Opinion
2012-09-20
Ramawtie Ramdhani, South Flora Park, appellant pro se. Eric T. Schneiderman, Attorney General, New York City (Gary Leibowitz of counsel), for respondent.
Ramawtie Ramdhani, South Flora Park, appellant pro se. Eric T. Schneiderman, Attorney General, New York City (Gary Leibowitz of counsel), for respondent.
Before: MERCURE, J.P., SPAIN, KAVANAGH, McCARTHY and EGAN JR., JJ.
Appeal from a decision of the Unemployment Insurance Appeal Board, filed June 1, 2011, which ruled, among other things, that claimant was ineligible to receive unemployment insurance benefits because she was not totally unemployed.
The record demonstrates that claimant began working part time for a vitamin company beginning in 2007. In March 2008, she also began a second job working full time as an office manager for a different employer; however, that employment ended in September 2008 when she was laid off from that position. Thereafter, claimant filed for unemployment insurance benefits and received a handbook advising her, among other things, that she would be ineligible for benefits in any week that she worked four or more days and that she must report all work. Following a hearing, an Administrative Law Judge found her ineligible to receive benefits for the period from April 27, 2009 through September 27, 2009, because, during that time, she “worked at least four days a week” for the vitamin company. The Unemployment Insurance Appeal Board upheld that decision, agreeing that claimant made willful false statements to receive benefits, and imposed a recoverable overpayment as well as a forfeiture penalty. Claimant now appeals.
We affirm. “Whether a claimant is totally unemployed is a question of fact for the Board to resolve and its determination will not be disturbed when supported by substantial evidence” (Matter of Connell [Commissioner of Labor], 82 A.D.3d 1437, 1438, 918 N.Y.S.2d 684 [2011] [citations omitted]; see Matter of Dupey [Commissioner of Labor], 79 A.D.3d 1508, 1508, 915 N.Y.S.2d 326 [2010] ).

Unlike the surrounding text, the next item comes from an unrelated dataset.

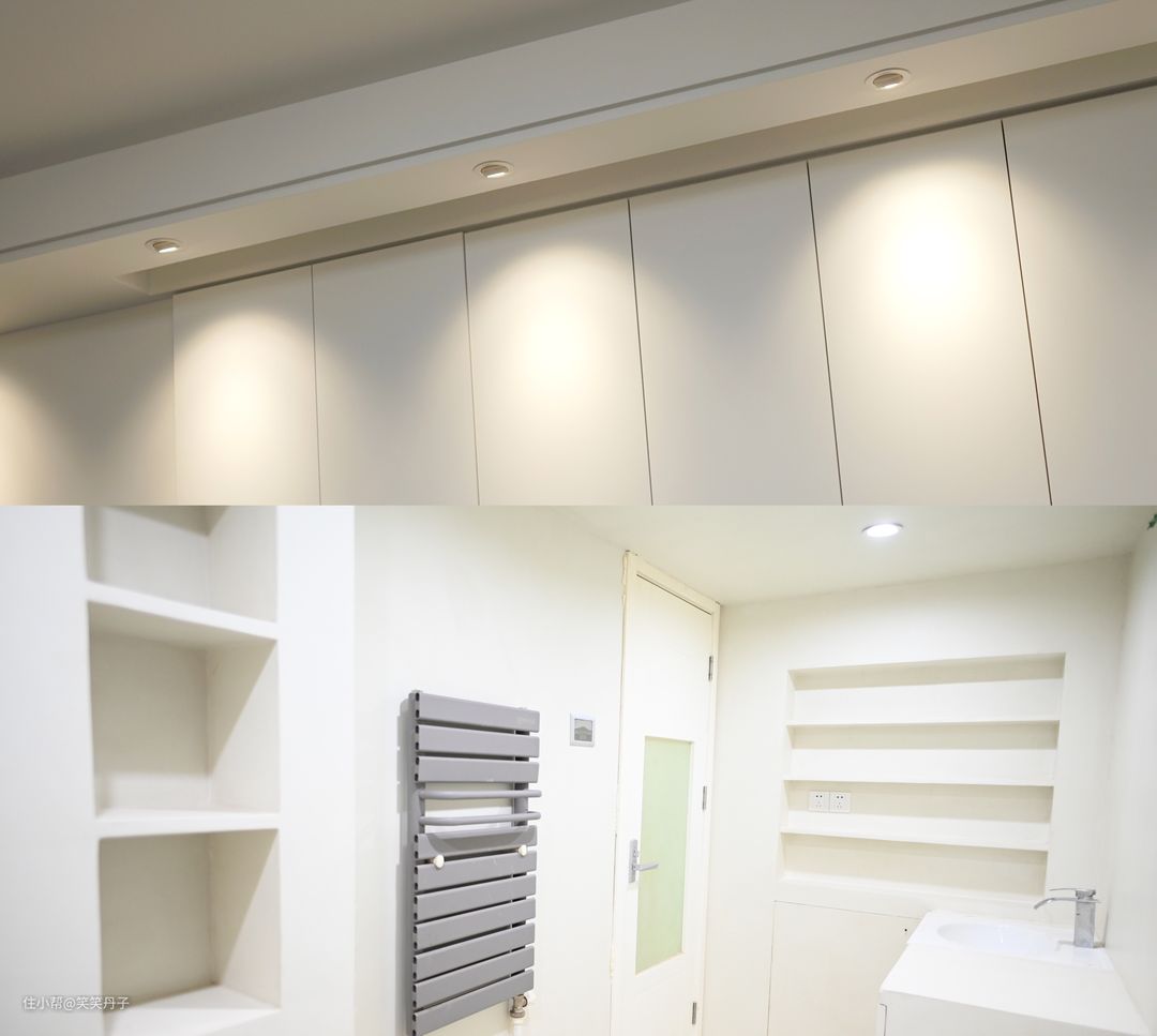 这是改造前(图上)和改造后(图下)的对比照片。虽然以前的射灯也有一定的防眩功能,但是对比来看之前的灯效确实更刺眼一些。

Here, the proof adduced at the hearing, including claimant's own testimony, established that, during each of the weeks at issue, claimant worked at least four days, thus rendering her ineligible to receive any benefits as clearly set forth in the handbook received by claimant ( see Matter of Umpierre [Commissioner of Labor], 60 A.D.3d 1182, 1183, 875 N.Y.S.2d 323 [2009];Matter of Bessy [Commissioner of Labor], 57 A.D.3d 1048, 1049–1050, 868 N.Y.S.2d 380 [2008] ). Thus, we find no basis to disturb the ruling that she was not totally unemployed during the relevant time period.
Moreover, there is substantial evidence supporting the finding that claimant made willful misrepresentations during the relevant time period and is subject to a recoverable overpayment of benefits ( see Matter of Bessy [Commissioner of Labor], 57 A.D.3d at 1050, 868 N.Y.S.2d 380). While claimant maintained that she was given inaccurate information concerning her certification obligations during an unemployment insurance orientation, both Department of Labor employees involved testified to the contrary at the hearing, thereby creating a credibility issue for the Board to resolve ( see Matter of Ventura [Commissioner of Labor], 83 A.D.3d 1330, 1331, 921 N.Y.S.2d 692 [2011] ).
ORDERED that the decision is affirmed, without costs.